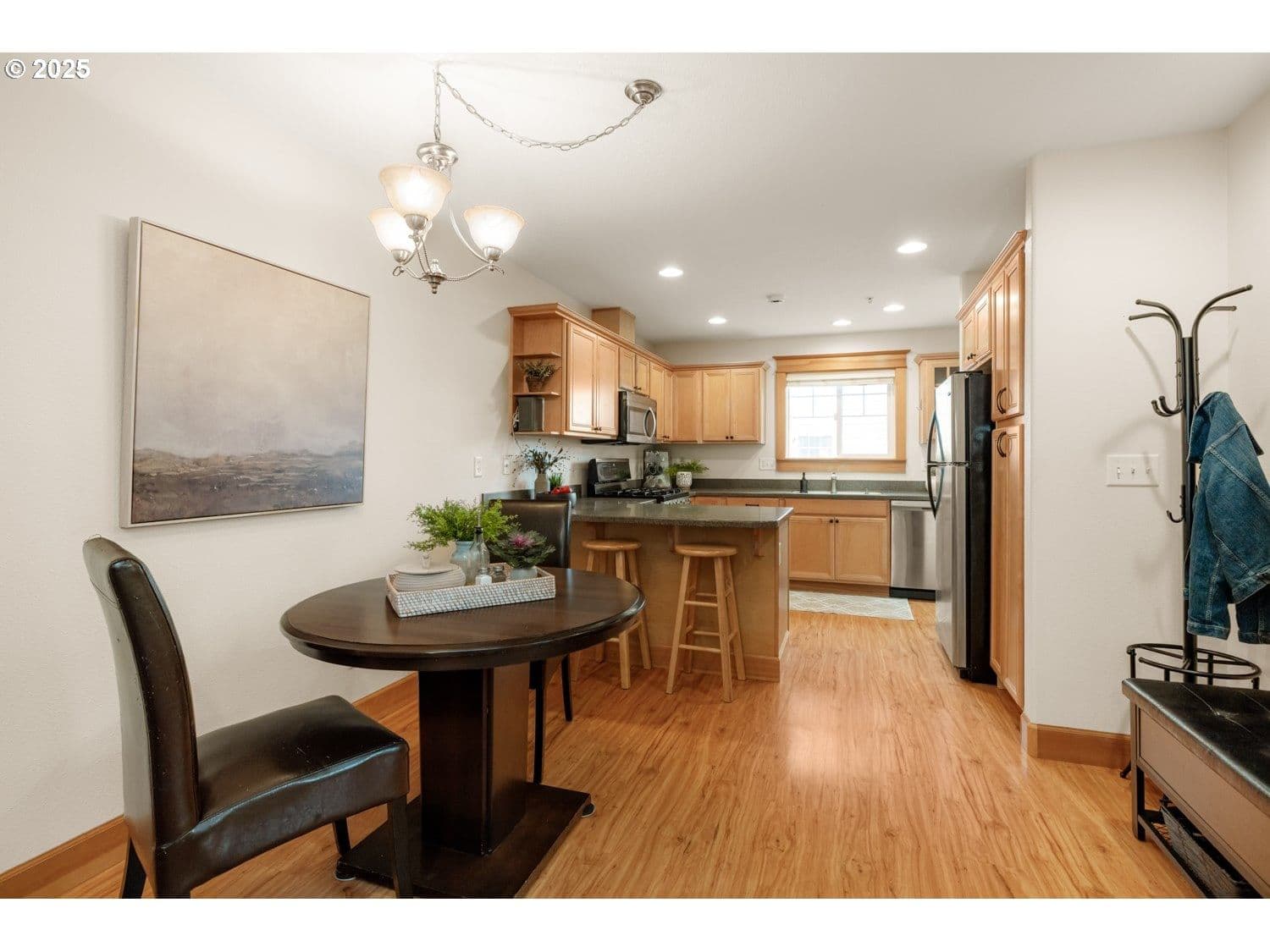 Welcome to this beautifully maintained 3-bedroom, 3.5-bath end unit townhome with attached garage in the heart of Hillsboro! Spread across three levels, this inviting residence blends modern comfort with classic charm—just blocks from historic downtown. Each bedroom features its own private bathroom, offering plenty of comfort and privacy for everyone. The main level includes a convenient half bath, a bright and spacious living room, and a well-appointed kitchen with gas range, stainless steel appliances, eating bar, generous counter space, and plenty of storage. Enjoy morning coffee on the covered deck or relax next to the fire in the open living room.Easy access to the MAX plus all the vibrant Hillsboro happenings -farmer’s market, shops, restaurants & more! This home offers the perfect combination of style, space, and location—don’t miss it! [Home Energy Score = 6. HES Report at https://rpt.greenbuildingregistry.com/hes/OR10225174]
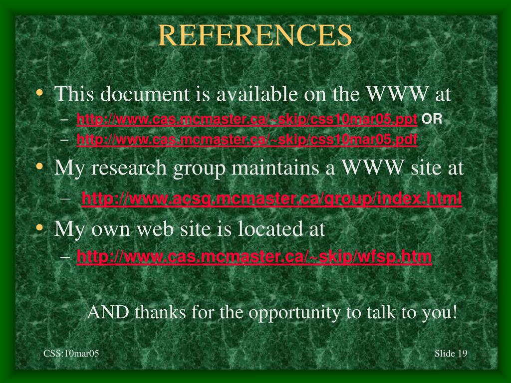 REFERENCES • This document is available on the WWW at • http://www.cas.mcmaster.ca/~skip/css10mar05.ppt OR • http://www.cas.mcmaster.ca/~skip/css10mar05.pdf • My research group maintains a WWW site at • http://www.acsg.mcmaster.ca/group/index.html • My own web site is located at • http://www.cas.mcmaster.ca/~skip/wfsp.htm AND thanks for the opportunity to talk to you!
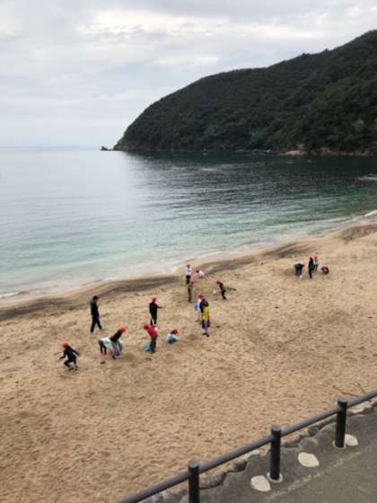 午前中のプログラムは,体育館でゲームの予定でしたが,せっかく若狭の海まで来ているので,砂を使って造形活動をすりうことになりました。
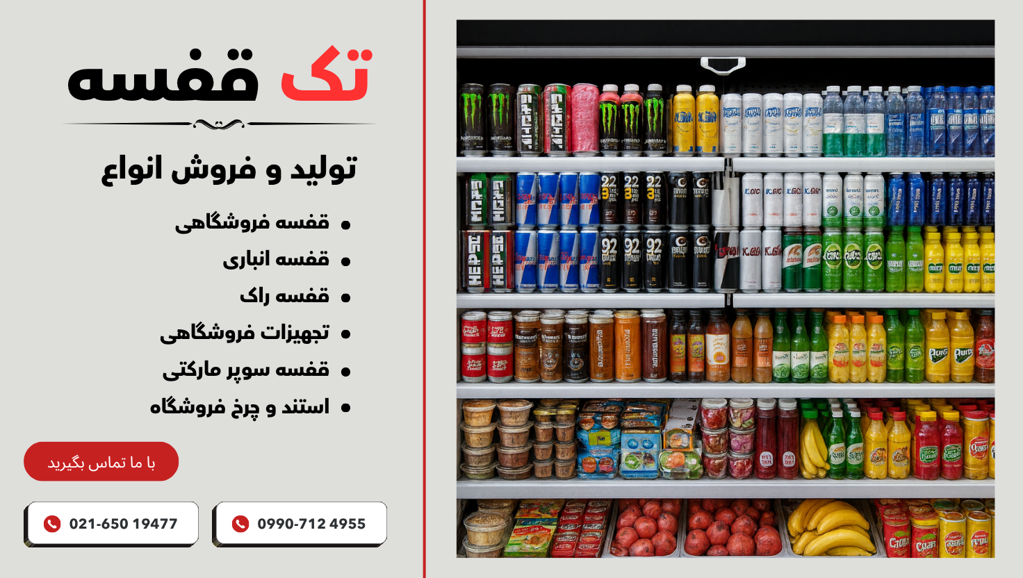 شرکت تک قفسه با دارا بودن مجهز ترین و برترین دستگاه های روز دنیا توانسته با کیفیت ترین یخچال های فروشگاهی را تولید کند. برای اطلاع از قیمت یخچال های فروشگاهی همین حالا با کارشناسان ما تماس حاصل فرمایید تا از نحوه خرید یخچال های فروشگاهی و شرایط فروش آن ها مطلع شوید.
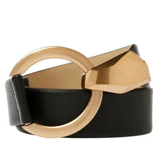 Even the simplest accessories can greatly transform any outfit. With its unique ring and faceted hook slide back, this belt is a show stopper.
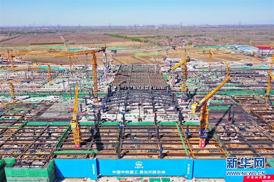 這是3月25日拍攝的京雄城際鐵路雄安站施工現(xiàn)場(chǎng)。新華社記者牟宇攝
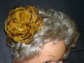 Čelenka univerzální velikosti, kovový základ stříbrné barvy, konce podlepepy měkkým filcem. Bohatý květ poskládaný z čokoládově hnědé, oranžové a žluté organzy (průměr květu cca 10 cm, výška cca 4 cm), zdobený perličkou, začištěný filcem.
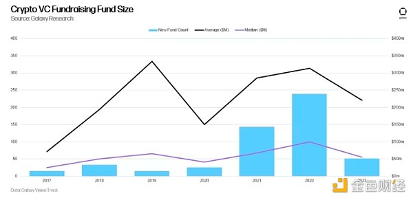 从年度来看,2023 年是自 2020 年以来新推出的加密货币风险投资基金数量最少的一年。平均基金规模同比下降 30%,而基金规模中位数下降 45%。
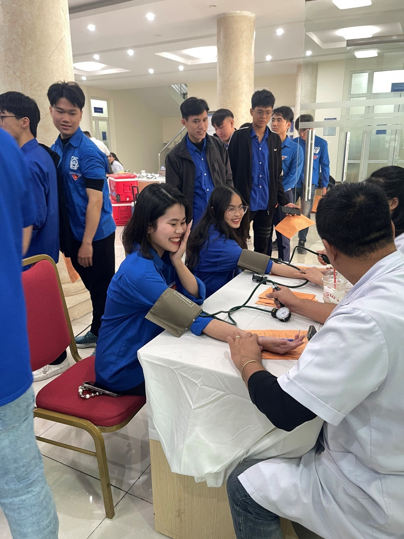 Ảnh 4. Các đoàn viên thanh niên thực hiện kiểm tra trước khi hiến máu

→ **INSTRUCTIONS TO FOLLOW**
Output every entry above verbatim, but leave out the pictures.

→ **SOLUTION TO THE PROBLEM**
 Welcome to this beautifully maintained 3-bedroom, 3.5-bath end unit townhome with attached garage in the heart of Hillsboro! Spread across three levels, this inviting residence blends modern comfort with classic charm—just blocks from historic downtown. Each bedroom features its own private bathroom, offering plenty of comfort and privacy for everyone. The main level includes a convenient half bath, a bright and spacious living room, and a well-appointed kitchen with gas range, stainless steel appliances, eating bar, generous counter space, and plenty of storage. Enjoy morning coffee on the covered deck or relax next to the fire in the open living room.Easy access to the MAX plus all the vibrant Hillsboro happenings -farmer’s market, shops, restaurants & more! This home offers the perfect combination of style, space, and location—don’t miss it! [Home Energy Score = 6. HES Report at https://rpt.greenbuildingregistry.com/hes/OR10225174]
 REFERENCES • This document is available on the WWW at • http://www.cas.mcmaster.ca/~skip/css10mar05.ppt OR • http://www.cas.mcmaster.ca/~skip/css10mar05.pdf • My research group maintains a WWW site at • http://www.acsg.mcmaster.ca/group/index.html • My own web site is located at • http://www.cas.mcmaster.ca/~skip/wfsp.htm AND thanks for the opportunity to talk to you!
 午前中のプログラムは,体育館でゲームの予定でしたが,せっかく若狭の海まで来ているので,砂を使って造形活動をすりうことになりました。
 شرکت تک قفسه با دارا بودن مجهز ترین و برترین دستگاه های روز دنیا توانسته با کیفیت ترین یخچال های فروشگاهی را تولید کند. برای اطلاع از قیمت یخچال های فروشگاهی همین حالا با کارشناسان ما تماس حاصل فرمایید تا از نحوه خرید یخچال های فروشگاهی و شرایط فروش آن ها مطلع شوید.
 Even the simplest accessories can greatly transform any outfit. With its unique ring and faceted hook slide back, this belt is a show stopper.
 這是3月25日拍攝的京雄城際鐵路雄安站施工現(xiàn)場(chǎng)。新華社記者牟宇攝
 Čelenka univerzální velikosti, kovový základ stříbrné barvy, konce podlepepy měkkým filcem. Bohatý květ poskládaný z čokoládově hnědé, oranžové a žluté organzy (průměr květu cca 10 cm, výška cca 4 cm), zdobený perličkou, začištěný filcem.
 从年度来看,2023 年是自 2020 年以来新推出的加密货币风险投资基金数量最少的一年。平均基金规模同比下降 30%,而基金规模中位数下降 45%。
 Ảnh 4. Các đoàn viên thanh niên thực hiện kiểm tra trước khi hiến máu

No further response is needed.